True explosions of human spirit can never been of local importance. In one way or another, they are recorded for the world and for the eternity, they allow us to seek resonance, response and agreement in the souls of other people, far beyond any boundaries of time and space.

Latvian music, too, has encountered this gathering of the noblest spirits of humankind, with its universal values and eternal importance. In this particular case, Hildegard von Bingen allows us to find faith, joy, inspiration and strength in the immortality of her spirit. She was one of the most passionate and unusual bearers of light in the Christianity of the Middle Ages. After learning about these songs, I found myself deeply surprised and enthusiastic by the liricism of Hildegard's soul, her poeticism, gentleness, intimacy and femininity. It was very easy to attach my own musical viewpoint to this world. I did not leave the intonations completely unchanged, I felt free to arrange them. This collaboration between the 12th and the 21th century led to the emergence of a 12 part composition, in which the songs of St. Hildegard interweave with instrumental fragments – a prelude, five interludes and a postlude.

Anda Eglīte and kokle

Kokle is a Latvian plucked string instrument (chordophone) belonging to the Baltic box zither family. The first possible kokles related archaeological findings in the territory of modern Latvia are from the 13th century, while the first reliable written information about kokles playing comes from the beginning of the 17th century. The first known kokles tune was notated in 1891, but the first kokles recordings into gramophone records and movies were made in the 1930s. Both kokles and kokles playing are included in the Latvian Culture Canon.

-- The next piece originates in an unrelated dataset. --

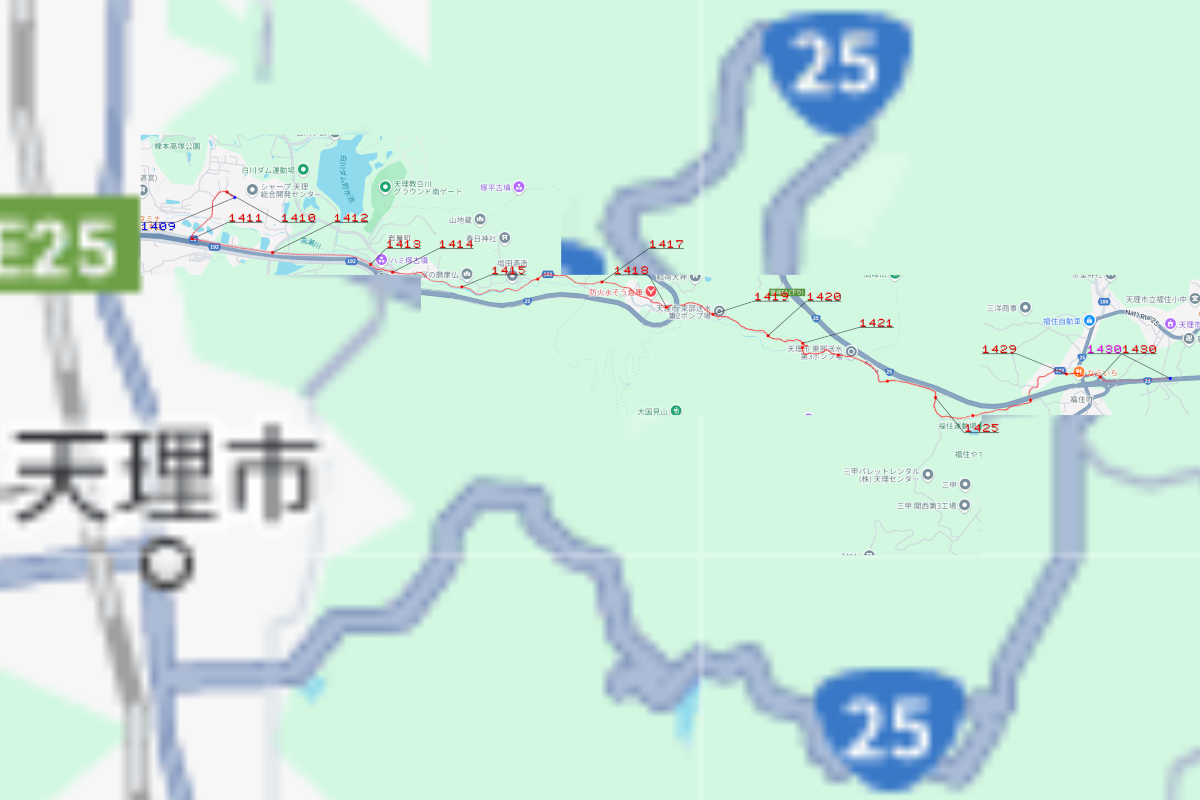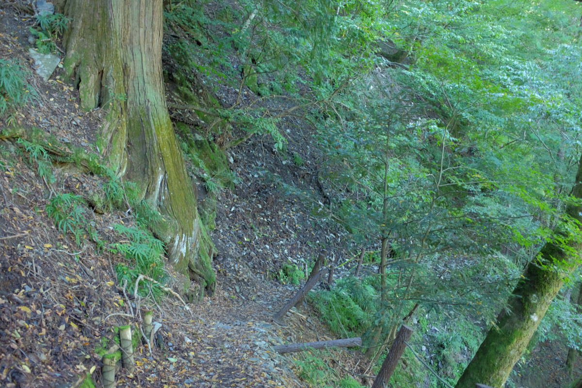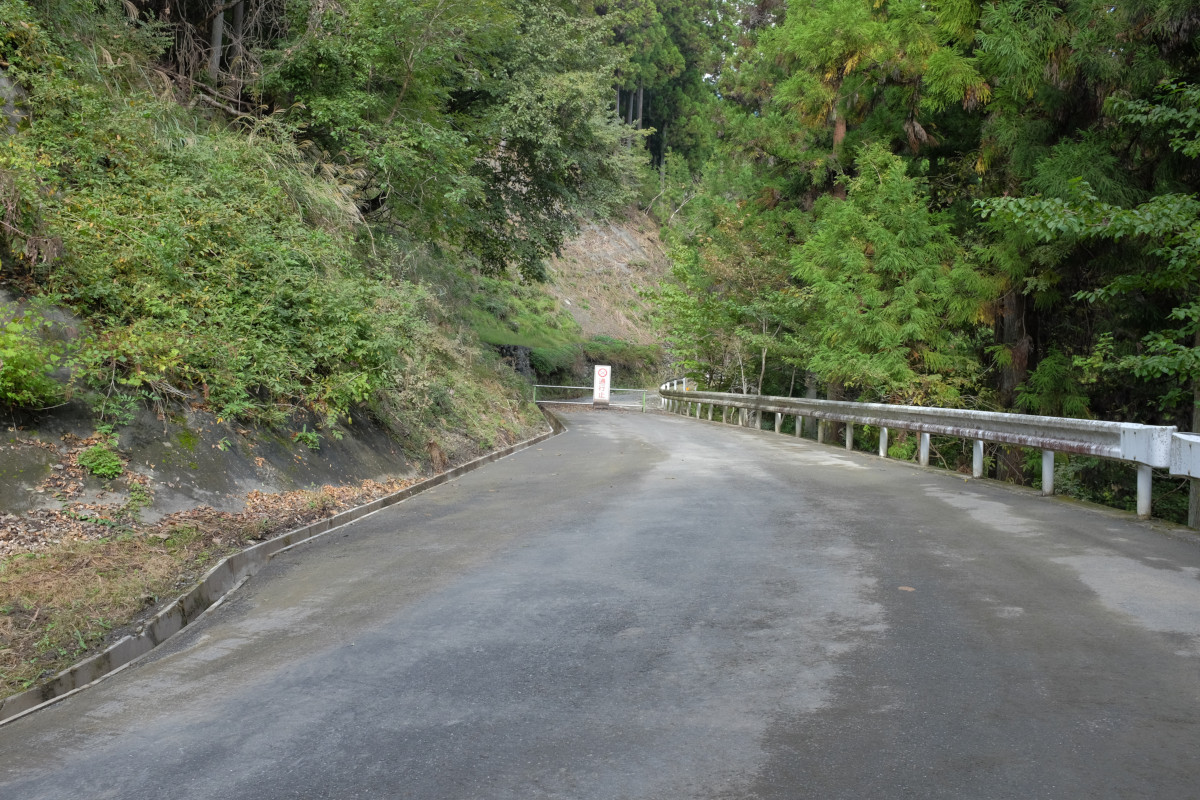 ロビーでお茶して友人とはお別れ。そして……前から通りたかった「オメガカーブをショートカットする狭い道」に挑戦することにした。都祁山道(つげさんどう)という路線の一部らしい。入口には「中型車以上通行困難」とあり、通る必要はまったくないのだが、自分的には通らない選択はない。ちょっと怖いが、イザッ!

To play academic music works, kokle players use larger instruments specially built for professionals. The leading kokle player, the initiator of different kokle activities and festivals and kokle teacher ir Latvian Music Academy is ANDA EGLĪTE. She performs with various chamber ensembles, is a winner of several competitions and awards, often collaborates with many well-known Latvian and foreign performers, symphony orchestras and choirs.


The vocal group PUTNI (BIRDS) was established in 1993 in Riga by eight singers from the leading professional choirs in Latvia. The women's vocal ensemble is revered for their beautiful tone and adventurous programming and has received wide acclaim for their concerts in Latvia, Europe, Australia, Japan and the United States.

The group has won numerous prizes including the Grand Prix in five international competitions. Their programming weaves together traditional Latvian music, new compositions by Latvian and foreign composers, music of classical and early music composers, and elements of jazz and rock music. Since its founding, group have premiered over 100 new pieces by Latvian and foreign composers and recorded seven CDs.